UXARRAY / uxarray

Xarray extension for unstructured climate and global weather data analysis and visualization.
https://uxarray.readthedocs.io/
Apache License 2.0
148 stars 31 forks source link

Fix CI Failures #731

Closed philipc2 closed 5 months ago

philipc2 commented 5 months ago

Closes #723

Overview

philipc2 commented 5 months ago

An actual solution, if possible, rather than pinning would be ideal. Let me know if you explored anything that might be related to the actual issue; I am happy to look into this a bit.

I can continue to do some digging into it, the failure is as follows:

../../../miniconda3/envs/uxarray_build/lib/python3.10/site-packages/datashader/data_libraries/dask.py:147: AssertionError

It appears to be something with Datashader and Dask. I'll continue looking into it and try to reproduce it locally.
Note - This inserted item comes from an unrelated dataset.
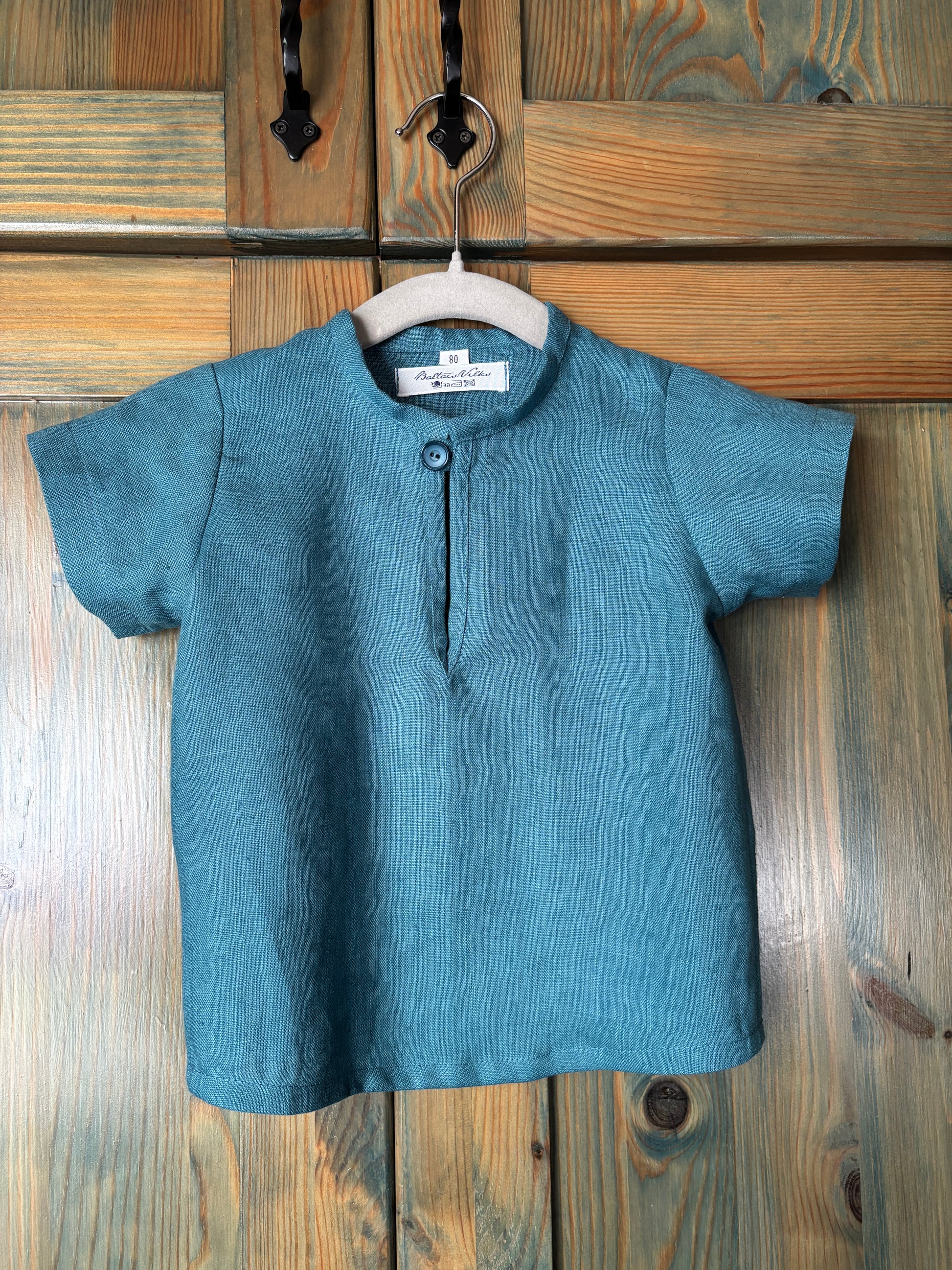 Zēnu lina krekls zaļgani zils ar īsām piedurknēm.
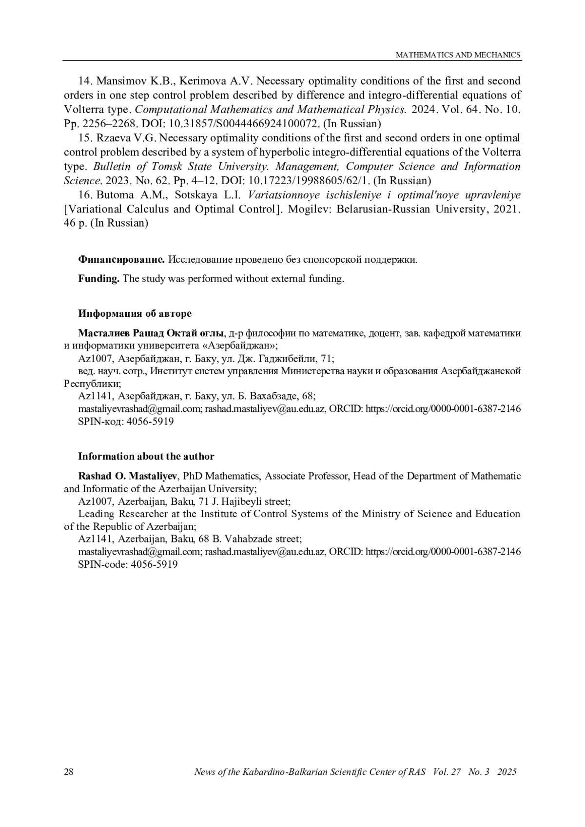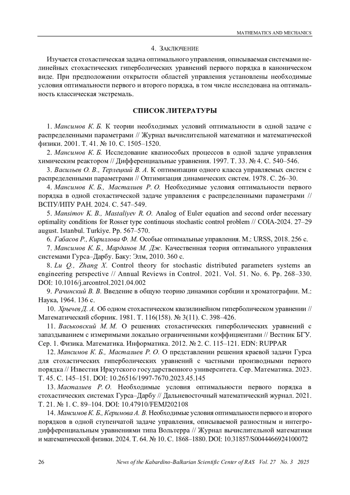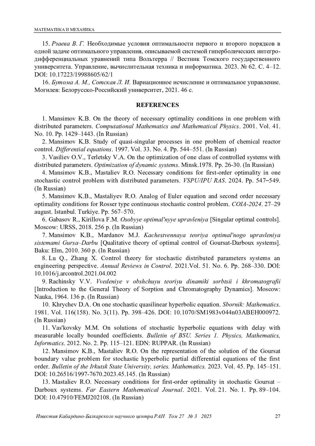 МАСТАЛИЕВ Р. О. НЕОБХОДИМЫЕ УСЛОВИЯ ОПТИМАЛЬНОСТИ ПЕРВОГО И ВТОРОГО ПОРЯДКОВ ДЛЯ НЕПРЕРЫВНОЙ СТОХАСТИЧЕСКОЙ ЗАДАЧИ УПРАВЛЕНИЯ ТИПА РОССЕРА // ИЗВЕСТИЯ КАБАРДИНО-БАЛКАРСКОГО НАУЧНОГО ЦЕНТРА РАН. 2025. ТОМ 27 № 3

philipc2 commented 5 months ago

This seems to be because of the user of dask-expr in the recent release for Dataframes, which breaks something with the way that we are caching (and honestly, we should investigate better ways to "cache" as opposed to just keeping a reference in the grid) https://docs.dask.org/en/stable/changelog.html#v2024-3-0

Considering how quick point rasterization is, I don't think we need to cache, so I've removed it and cleaned up the point raster.

image

Any thoughts? I can raise an issue to investigate the proper way to "cache" dask data frames for subsequent runs, which will be relevant to our other viz methods too.

philipc2 commented 5 months ago

Thanks for this! However, changes in this PR seem to be beyond this PR's scope, or it is hard to understand all those changes were necessary for the Dask issue and if they are not changing the code flow significantly. Please clarify

Thanks for the review! I'll add some comments describing the sections of the code. However, these aren't new. The changes made here are, for the time being, remove our "caching" approach for the point rasters. When we use a cached dataframe, attempting to swap the data variable for the points leads to the Dask error that we were getting.

The difference in performance with or without using caching is comparable as seen in the Viz cookbook,.

Additionally, there are probably better ways for caching compared to the way we were doing it, which worked fine for standard arrays, but not so much for Dask.

Let me know what you think, I submitted an issue (#739) that will describe this in detail.